Gardening Is Good for the Soul

Gardening can be a hobby, a business, a teaching tool, a learning experience, a science experiment, the setting for a novel, movie, or ballet, the subject matter of photography, painting, or poetry, and much more. But without its connection with you, the gardener, a garden will be nothing more than a well-designed, controlled imitation of nature. It will have no soul.

And, as we are critical to igniting the souls of our gardens, likewise, gardening is good for our souls. Even gardens consisting of the most mundane plants, draw out the nuturing and caregiving elements of human nature. I’ve rarely met a gardener who didn’t also enjoy feeding birds and attracting butterflies. The more organically-inclined among us form alliances with worms, beneficial insects, and even fungi that enhance the soil. We mask the sounds of civilization with the sounds of gurgling water from streams, fountains, and ponds.

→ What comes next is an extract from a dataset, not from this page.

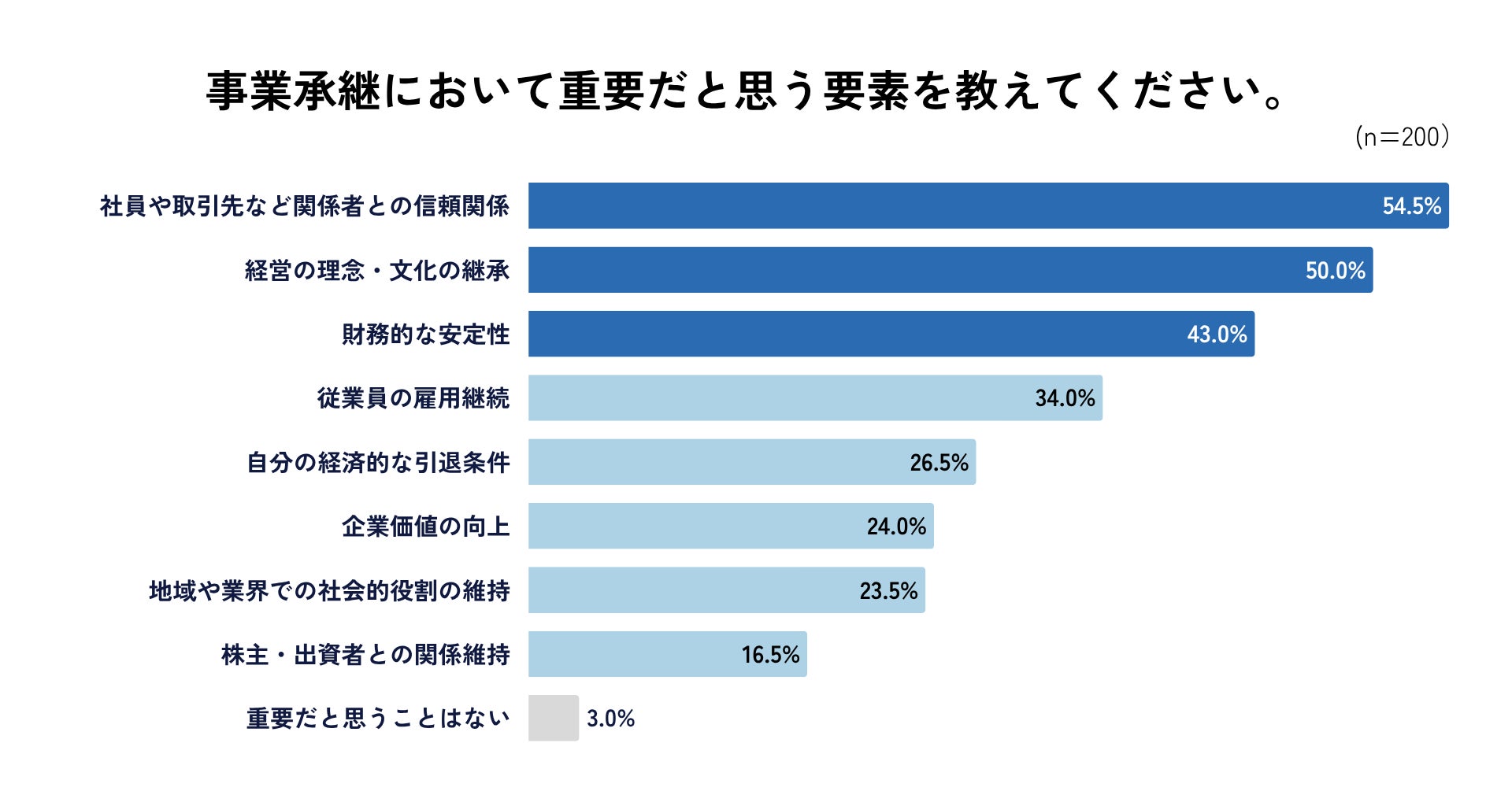 事業承継において重要だと思う要素を尋ねたところ、「社員や取引先との信頼関係」が54.5%で最も多く、「経営の理念・文化の継承」が50.0%、「財務的な安定性」が43.0%と続きました。経営基盤の安定と関係性の継続が重視されていることが明らかになりました(n=200)。

In short, gardening represents our attempt to reconnect and work in concert with nature. When we are able to do that, we enjoy the physical benefits of being out in the fresh air and sunshine, the good feeling of exhaustion that comes from exercise, and the slower pace that allows us not just to take time to smell the roses, but also to observe the sky, and ponder our individual place in the web of life. At the end of a good gardening day, there’s the sense of relaxation that comes from admiring a job well done and meditating on things that we value.